Keywords: Operational reliability, Bayesian network, Remaining useful life.

1 Introduction

Reliability is commonly used as a dependable performance indicator of a system and it reflects how well the system can consistently fulfill the specified purpose [1, 2]. The manufacturing sector is consistently striving to remain competitive with the help of highly reliable equipment. Increases in the reliability of the equipment lead to increases in both production and profitability. It is necessary to maintain a high level of equipment availability to continuously produce at the target level. However, the harsh workplace environment is a hindrance and needs rigorous maintenance programmes to ensure high equipment reliability. A system’s reliability analysis can demonstrate how potential events such as component failure, maintenance, inspection, and testing can affect system failure. Reliability assessment can serve as a foundation for decisions made during the system life-cycle, like development stages, including design, construction, operation, and maintenance [3].

It is believed that electronic and electrical equipment would perform well in the wide range of environmental conditions that exist around the world. The rate at which a system deteriorates might vary significantly depending on the operating environment. Various operating conditions invariably have an impact on a system’s quality as well as its reliability and lifespan [4, 5] and need to be studied.

Lundteigen & Rausand [4] have defined the reliability index (RI) of a system to study the effect of test and maintenance techniques, human and organizational factors (HOFs), and environmental variables on the system performance. Theoretically, all the relevant reliability index factors can be incorporated into the reliability models, but the precision of the estimated results may not be acceptable with limited data or models built on false assumptions.

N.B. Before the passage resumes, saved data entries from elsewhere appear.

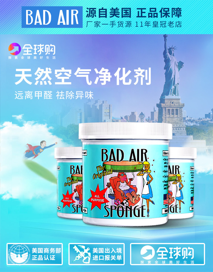正品海外直供美国空气badairsponge家用汽车载器除甲醛空气净化剂
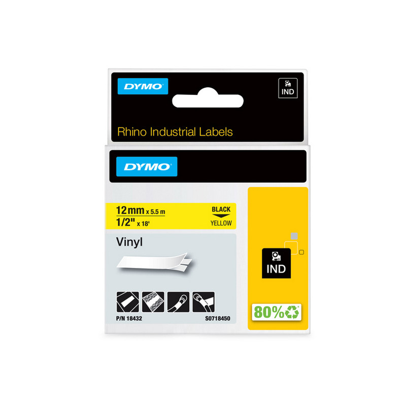 >Cancelleria>Etichette>Nastro Rhino 18432 - 12 mm x 5,5 mt - vinile - permanente - nero/giallo - Dymo
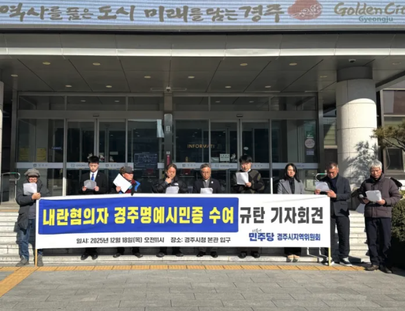 한영태 민주당 경주시지역위원장은 “내란에 동조했거나 혐의를 받는 인사에게까지 명예시민증을 주는 것은 시민의 명예를 훼손하는 일”이라며 “경주시가 역사와 시민 앞에 부끄러운 결정을 했다”고 비판했다.
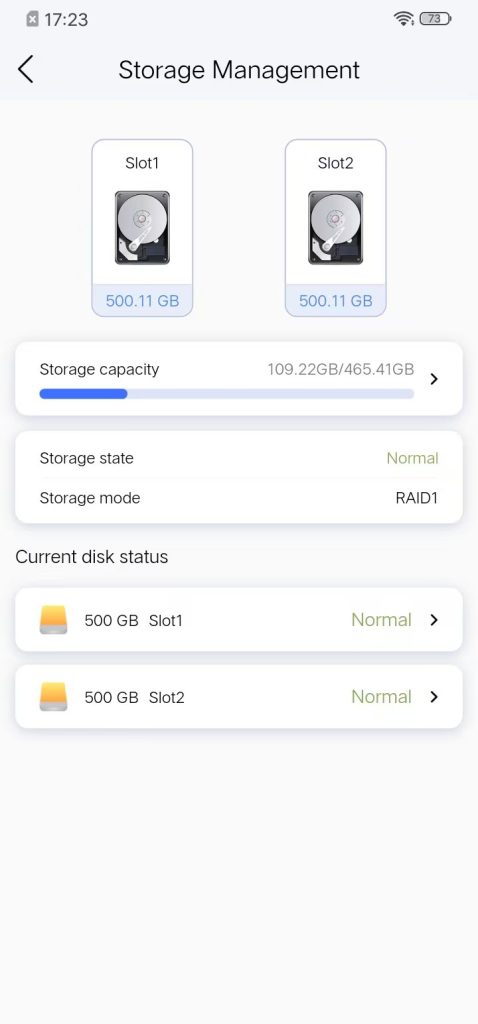 When logging into the APP, a page indicating the change in hard drive status will pop up, and the status light of disk 2 will flash slowly in red.
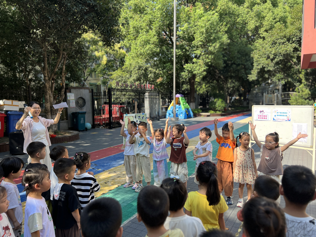 大班的孩子们化身推普小使者,用清晰流利的普通话向全园发出倡议。
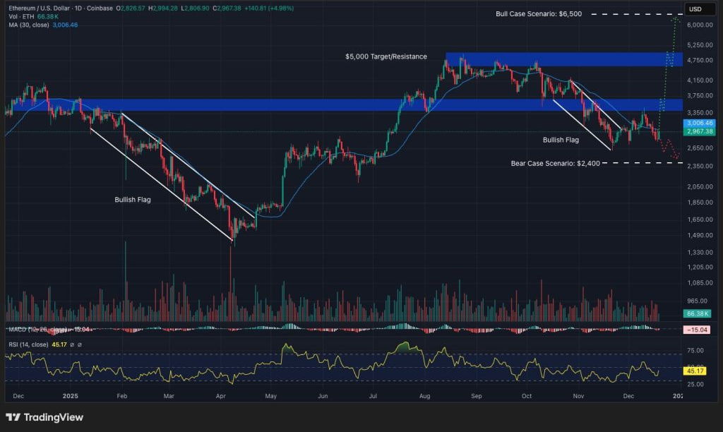با این حال، حرکت به سمت اعداد پنج رقمی احتمالاً به مقررات واضحتر در آمریکا و یک محیط کلان اقتصادی حمایتی وابسته است؛ دو عاملی که میتوانند مشارکت نهادی بیشتری را فعال کنند. در اوایل امسال، ETH از یک الگوی پرچم صعودی خارج شد و از ۱,۸۰۰ دلار به قلهی تازهای رسید. حفظ مومنتوم صعودی پایدار برای رسیدن اتریوم به سقف تاریخی جدید تا سال نو، ضروری خواهد بود.
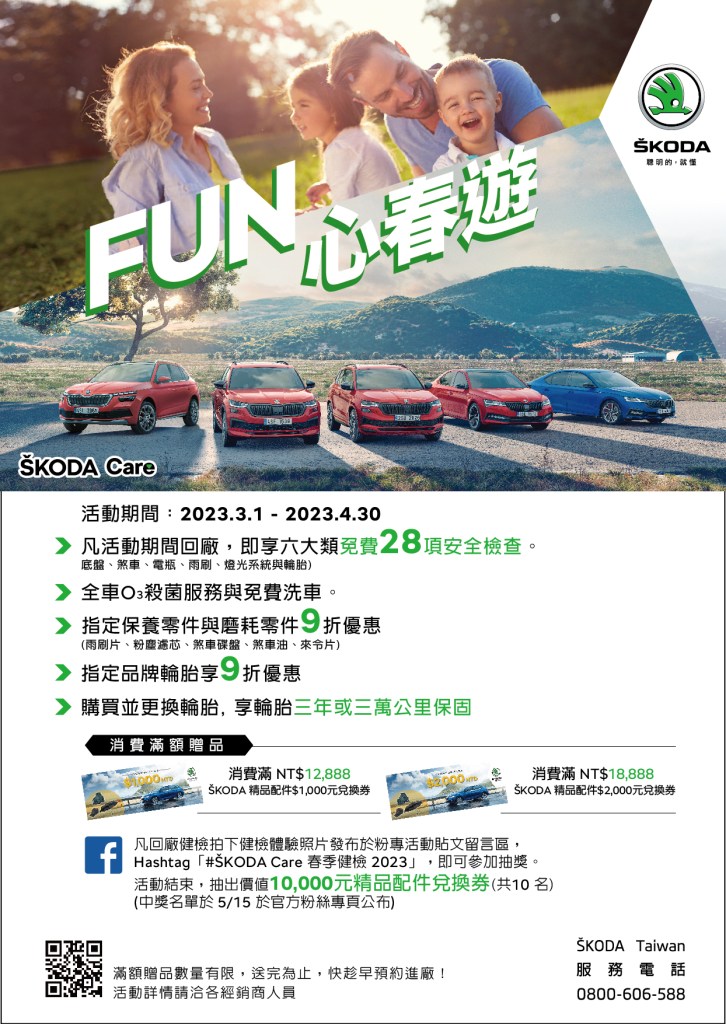 ŠKODA Care系列的2023年春季健檢正式啟動,自3月1日起至4月30日為期兩個月,本次「FUN心春遊」活動提供六大類28項免費安全檢查,只要回廠參加活動,不僅可享有指定保養零件優惠,亦有機會抽中價值新台幣10,000元的ŠKODA精品配件兌換券 (共10個名額)
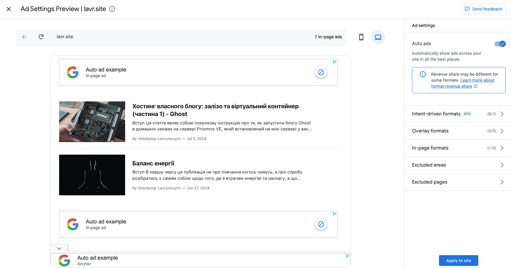 - Ad Formats Enabled: Display ads, in-article ads, in-feed ads
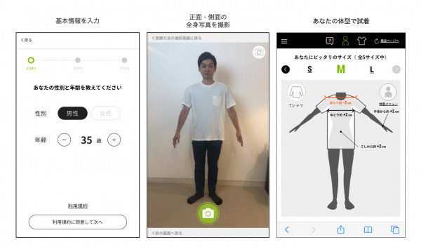 unisize(https://cl.unisize.makip.co.jp/)はネットで洋服を買うときに、より身体に合ったサイズを推奨するレコメンドエンジンです。機械学習アルゴリズム(AI)を用い、お手持ちのスマートフォン端末で撮影した正面と側面の全身写真から、腕の長さや肩幅などの体型を採寸します。従来のような専門知識やメジャーを用いて採寸するような手間をかけずとも、自分に合うおすすめサイズを確認できます。また、過去に買った洋服と比較する購入履歴比較機能なども併設し、ユーザーの持つ情報に合わせてサイズを確認することができます(※特許取得)。
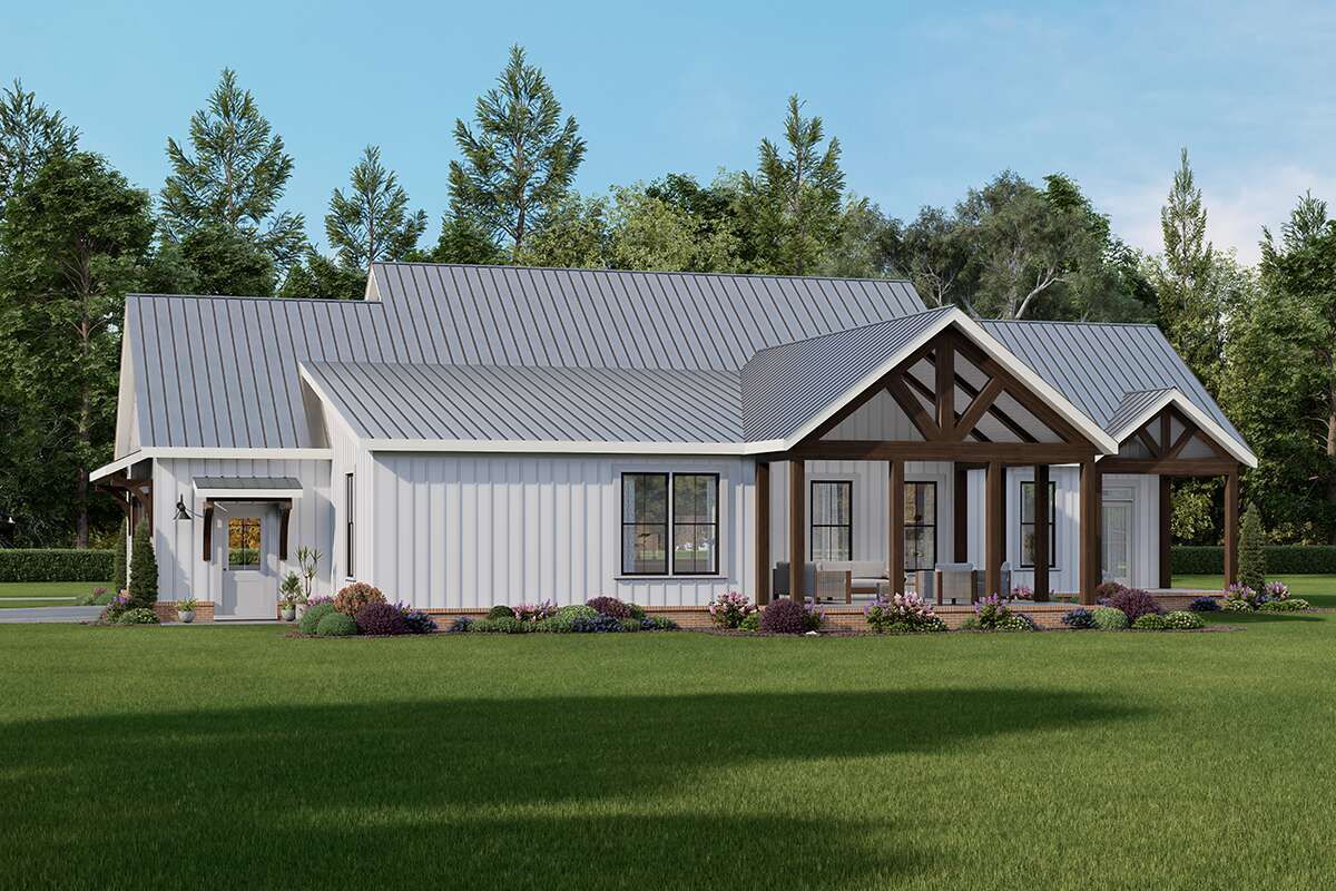 In summary, Plan 009-00456 offers a balanced blend of modern farmhouse aesthetic, generous outdoor porches, and functional private and shared spaces. With 3 bedrooms, 2 full bathrooms, a roomy garage, and abundant outdoor living, it’s ideal for those wanting stylish living without going to a huge scale. Warm, appealing, and thoughtfully designed.

An efficient and efficient maintenance programme is of utmost importance to ensure high availability of a production system. Prediction of the remaining usable life (RUL) of a component is an important aspect of predictive maintenance programmes to schedule maintenance, improve operational efficiency, and eliminate unplanned downtime [6]. Therefore, determining the RUL is one of the most important aspects of predictive maintenance programmes.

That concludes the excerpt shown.